By the way, Africana, the only dog with black whiskers in our family was the black one, Lotto. So there goes that theory.

We love labs of all shades and colors, we even kept a chocolate pup from Nugget once. It is the intelligence, talent, conformation, and health that we look for first in our breedings and then if we can wrap all that up in a colorful package, why not?


----------



## Granddaddy (Mar 5, 2005)

Sissi said:


> Sorry but I would like to disagree with your opinion. Even people who do performance with their dogs are proud how their dogs look like. So appearance is important to them. They are proud about muscles, shiny coats and so on. And believe me color is just another thing to be proud of.
> As you know I own curlies and in a very old book I found an interesting opinion why they are so rare. This guy wrote, that a good looking curly is very impressive looking but it is very difficult to breed a curly with perfect curls and perfect performance. And a Curly without perfect curls just doesn´t look good. He was talking about Hunters in Great Britain and how they set pride in the looks of their dogs.
> I think he was right and so I think the look of a dog is important to its owner, even when it is performing.

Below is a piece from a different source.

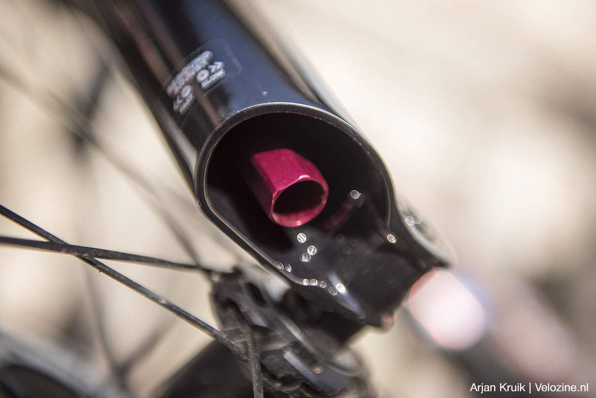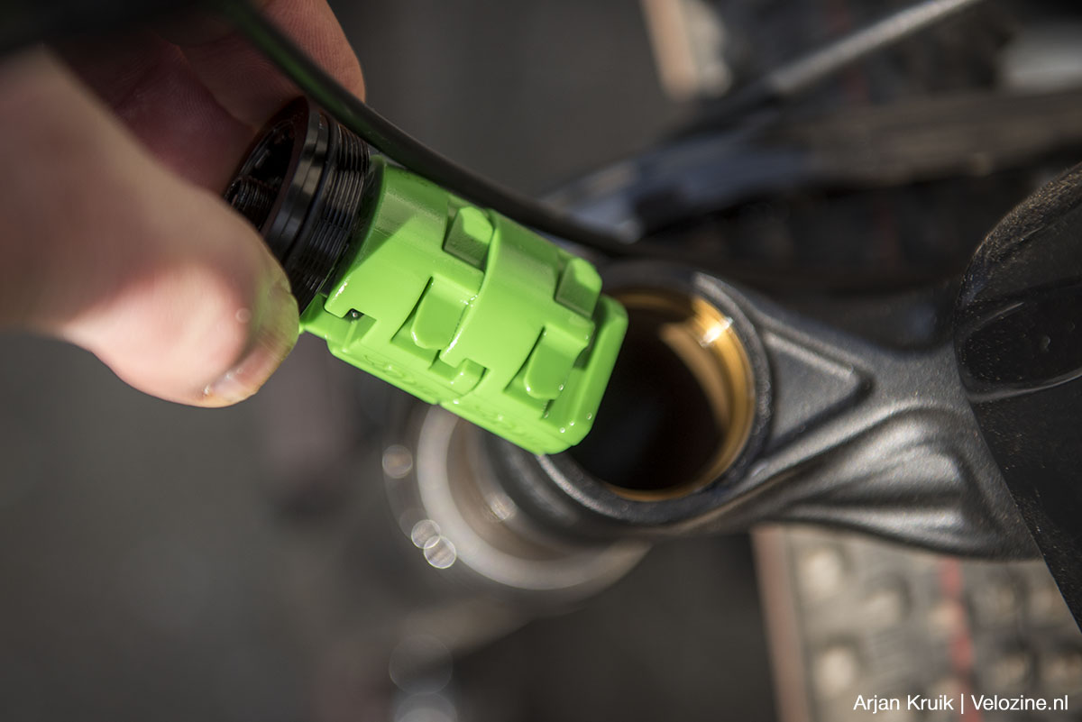 Afhankelijk van je gewicht, je rijstijl en het terrein kun je met die twee vulbussen als uitgangspunt alle kanten op, maar ik heb zelf geen spacers toegevoegd of uitgenomen. In combinatie met de effectieve demping van de ingaande slag is de vering in de fabrieksafstelling bij mijn gewicht van een kilo of 75 namelijk progressief genoeg. Het verder verkleinen van het luchtvolume is dus niet nodig. Vergroten overigens ook niet, alhoewel een beetje met het volume te experimenteren natuurlijk altijd interessant is.

Your disagreement seems to have ignored the content of my statement in the context of a field performance website which I have copied below with emphasis added. And you miss the primary point of the statement as well, that being that the primary market (pet market) cares little about performance credentials, thereby elavating color to a primary consideration. And I actually said nothing about the importance of "look" as it is much more than color alone. A discussion of "look" would have many other considerations as detailed by the conformation std. I have copied my previous statement with added emphasis to make clear my opinion of the market as regards color.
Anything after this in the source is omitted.